Petris found that young mice missing the ATP7A gene in their intestinal cells were unable to absorb copper from food, resulting in an overall copper deficiency that mimics symptoms of Menkes disease in children. Petris says it’s vital to ensure that the developing newborns absorb enough copper during the neonatal period when the demand for the mineral is highest.
“Copper is a little-appreciated but essential trace mineral in all body tissues,” Petris said. “Cells cannot properly use oxygen without copper; it helps in the formation of red blood cells, and it helps keep the blood vessels, nerves, skin, immune system and bones healthy. Normally, people absorb enough copper through their food. However, in the bodies of those with Menkes disease, copper begins to accumulate at abnormally low levels in the liver and brain and at higher than normal levels in the kidney and intestinal lining.”
What is Menkes Disease?
Menkes disease is caused by a defective gene named ATPTA that regulates the metabolism of copper in the body. The disease primarily affects male infants. Copper accumulates at abnormally low levels in the liver and brain, but at higher than normal levels in the kidney and intestinal lining. Affected infants may be born prematurely, but appear healthy at birth and develop normally for 6 to 8 weeks. Then symptoms begin, including floppy muscle tone, seizures, and failure to thrive. Menkes disease is also characterized by subnormal body temperature and strikingly peculiar hair, which is kinky, colorless or steel-colored, and breaks easily. There is often extensive neurodegeneration in the gray matter of the brain. Arteries in the brain may be twisted with frayed and split inner walls. This can lead to rupture or blockage of the arteries. Weakened bones (osteoporosis) may result in fractures.

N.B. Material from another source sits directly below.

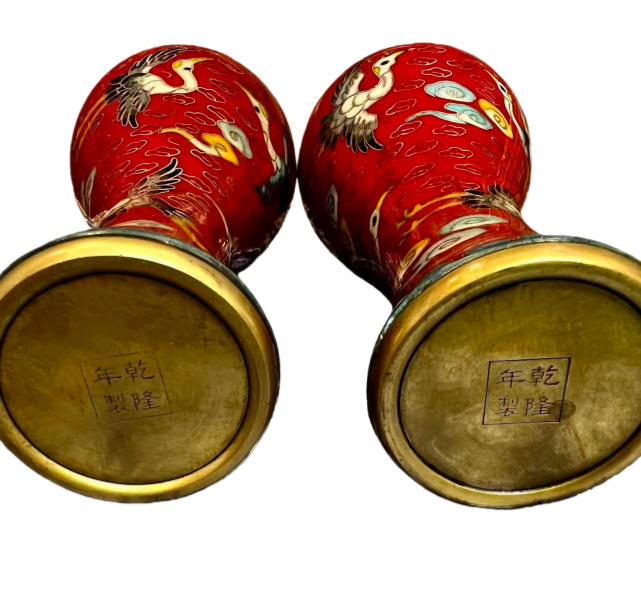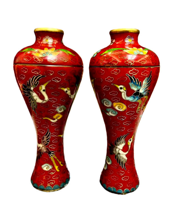 作品名称:云鹤纹铜胎梅瓶一对

How common is Menkes syndrome?
The incidence of Menkes syndrome and occipital horn syndrome is estimated to be 1 in 100,000 newborns.
What genes are related to Menkes syndrome?
Mutations in the ATP7A gene cause Menkes syndrome. The ATP7A gene provides instructions for making a protein that is important for regulating copper levels in the body. Copper is necessary for many cellular functions, but it is toxic when present in excessive amounts. Mutations in the ATP7A gene result in poor distribution of copper to the body’s cells. Copper accumulates in some tissues, such as the small intestine and kidneys, while the brain and other tissues have unusually low levels of copper. The decreased supply of copper can reduce the activity of numerous copper-containing enzymes that are necessary for the structure and function of bone, skin, hair, blood vessels, and the nervous system. The signs and symptoms of Menkes syndrome and occipital horn syndrome are caused by the reduced activity of these copper-containing enzymes.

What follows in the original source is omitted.